There are those overachievers like Jonah Lehrer who fear they’ve been promoted beyond their levels of competence. So they cheat to stay there and typically cave under the pressure of performing consistently on the big stage. Jonah Lehrer's most incriminating quote was, “I'm vaguely aware that people wrote books before Google existed, but I have no idea how.” In those words he essentially admitted his ignorance of journalism. In my opinion,  for one thing self-plagiarism is not the same as plagiarism, Lehrer is unlikely to demand that The New Yorker retract his own stories. Still, it’s not a victimless crime. Lehrer’s readers deserve to know whether the stuff he’s representing as new material was previously published. Regardless, his New Yorker editors surely won’t appreciate that he’s been passing off old copy as brand new. 

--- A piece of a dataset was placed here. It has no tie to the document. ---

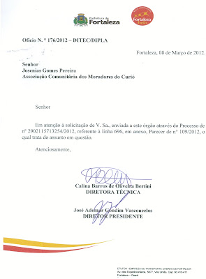 Mais documentos da ETUFOR nos dá o devido crédito pela nova linha de ônibus

Lehrer, clearly found it all too easy to Google himself and the material he found what most of us do. He recycled it, again and again in different publications. When his own words seemed inadequate to make a point in his blogs, he borrowed the ideas of other writers as if they were his own. And when if that wasn’t sufficient enough for him he would simply just make up words. Some people, such as myself may ask what’s the big deal in the wake of this controversy. Also, why was it wrong for Lehrer to recycle his own work from one publication to another via Google? After analysing from a scholarly perspective I have accepted two reasons of the misused information's impact. 

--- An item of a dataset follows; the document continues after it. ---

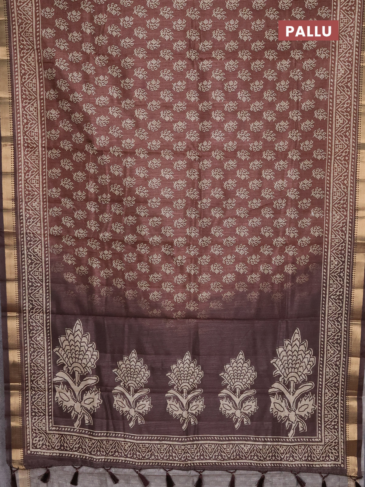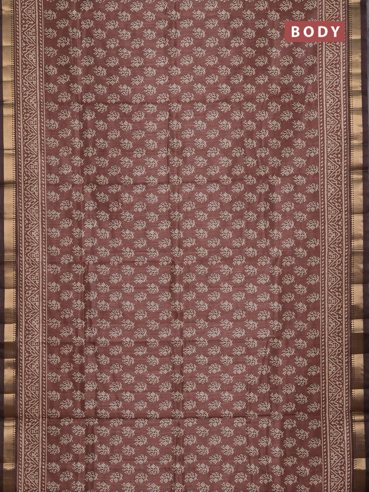 Material : Semi Tussar Blouse : Attached Length of saree : 6.2 mts (5.5 mts saree & 70 cms blouse)... Read more

First, readers expect the words they are reading are written specifically for them unless they are informed otherwise. To give them words written for another publication cheats them. This compares to the same way that a college student is considered a cheat who submits the same paper to satisfy the requirements of different classes. The second reason this is wrong is legalistic, but important copyright laws. Virtually every issue of every newspaper and magazine published is copyrighted by the publisher, typically a corporation. The articles belong to the publisher, not the writer. For a writer to recycle those words in another publication amounts to plagiarism and the misuse of discourse. It can be concluded that Lehrer isn’t a journalist. Yes, the publications where his work appeared employed journalists. And what he wrote most of the time looked like journalism. Regardless, he didn’t learn the most fundamental lessons of journalism And despite his years of elite education.